Northern Mariana Islands
The Northern Mariana Islands' housing stock faces pressure from limited land and tropical weather conditions. Accessory dwelling units offer property owners a way to expand capacity on existing residential lots. ADU Pass helps CNMI residents navigate the permitting requirements for secondary structures.
Map
State ADU details
State financing programs
CNMI's primary housing finance vehicle is the Northern Marianas Housing Corporation (NMHC), a CNMI public corporation established under 2 CMC ch. 4 (admin code Title 100). NMHC is the CNMI's HUD HOME Investment Partnerships passthrough and operates loan programs that can finance ADU-equivalent construction on residential parcels. Specifically, NMHC offers a Rehabilitation Loan ($1,000–$40,000, 0–3% fixed, up to 20-year term) for home rehab including unit creation; and a New Construction or Home Purchase Loan (up to $57,000, 2–5% fixed, 30-year term). For Article XII land tenure (i.e., parcels held under homestead permit rather than fee simple), NMHC offers ACCOMMODATION MORTGAGES executed jointly with the CNMI Department of Public Lands, with the loan retained until the homestead permit holder obtains a deed — this mechanism allows financing on land that cannot yet be conventionally collateralized. NMHC also administers CDBG-DR funding for typhoon-recovery rebuilds (post-Yutu 2018, post-Mawar/Bolaven cycle) which has produced ADU-adjacent reconstruction work.
State insurance regimes
CNMI's insurance regulator is the Office of the Insurance Commissioner within the CNMI Department of Commerce. The Insurance Commissioner is a NAIC member state regulator and licenses admitted carriers writing Disability, General Casualty, Marine, Property, Surety, and Vehicle insurance lines. CNMI is acutely typhoon-exposed (Super Typhoon Yutu Oct 2018 caused catastrophic damage on Saipan and Tinian; Super Typhoon Mangkhut Sep 2018 hit Rota; multiple subsequent storms have stressed the residential insurance market). There is NO commonwealth-run FAIR Plan, NO wind pool, NO state-of-last-resort property insurer. Property insurance is written entirely by admitted carriers and surplus-lines markets; capacity has tightened materially after each major storm. CNMI participates in FEMA NFIP for flood; coastal-flood and storm-surge exposure is significant on all inhabited islands. ADUs are covered as 'other structures' on the parcel's homeowner policy or via dwelling-fire endorsement when rented; underwriting reflects the territory-wide typhoon premium.
Known state issues (3)
- other (since 1976-01-09) — ADU economics in CNMI bifurcate sharply by Marianas-descent status. For Marianas-descent owners on fee-simple or homestead-permit land, conventional ADU pro-formas work (subject to NMHC financing). For non-Marianas-descent investors, the 55-year leasehold cap and the inability to obtain freehold collateralization fundamentally change the underwriting math; most mainland ADU pro-forma templates do not translate.

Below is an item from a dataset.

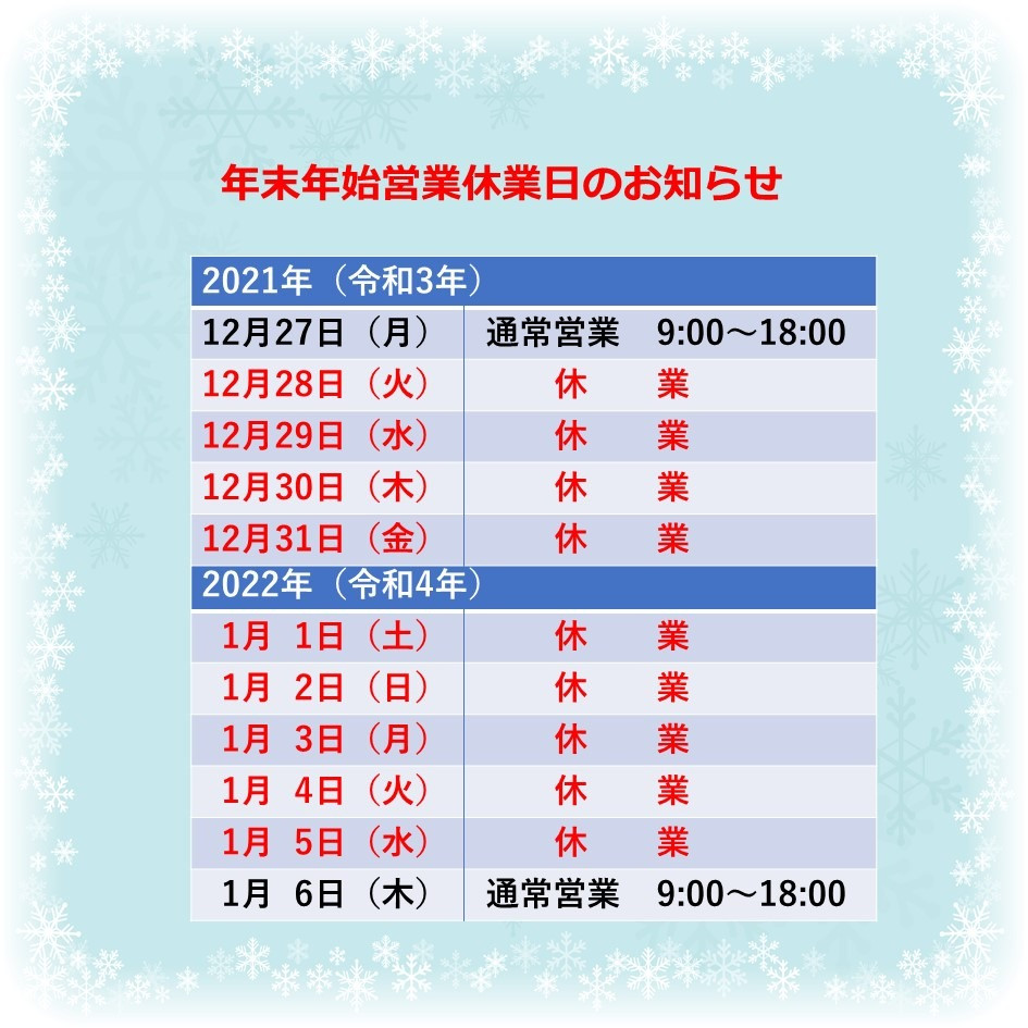 休業中に頂きましたお問い合わせにつきましては、令和4年1月6日(木)以降に

- other (since 2018-10-25) — ADU project pro-formas in CNMI must include a typhoon-construction premium (hurricane clips, impact-rated openings, reinforced roof structure) and an insurance line item that may be 2–4× comparable CONUS exposure. Building-code compliance is effectively an insurability prerequisite, not just a permit requirement.
- policy-review (since 2013-07-15) — ADU practitioners working across islands must verify each island's permitting framework independently. The Saipan Zoning Office cannot speak for Tinian or Rota permitting.
Federal (United States) — ADU-relevant rules and programs
Federal ADU law
The United States has no federal statute that directly regulates accessory dwelling unit entitlement or design. Land-use authority over ADUs resides with states and local governments under the traditional police power. Federal engagement is limited to financing (Fannie/Freddie/FHA/VA/USDA), flood insurance (FEMA/NFIP), and discretionary housing programs (HUD), which are recorded in sibling sections of this file.
Federal financing programs
Federal housing-finance agencies and GSEs set nationwide underwriting rules that govern whether an ADU can be financed, appraised, and counted toward mortgage qualifying income. The relevant actors are Fannie Mae, Freddie Mac, FHA (HUD), VA, and USDA Rural Development.
Federal tax credits
There is no ADU-specific federal tax credit. ADUs may incidentally qualify for existing federal energy-efficiency and clean-energy tax credits when the ADU construction includes qualifying measures.
Federal housing programs
HUD administers several discretionary programs that can fund ADU-related activity at the grantee's election, but none is an ADU-specific program.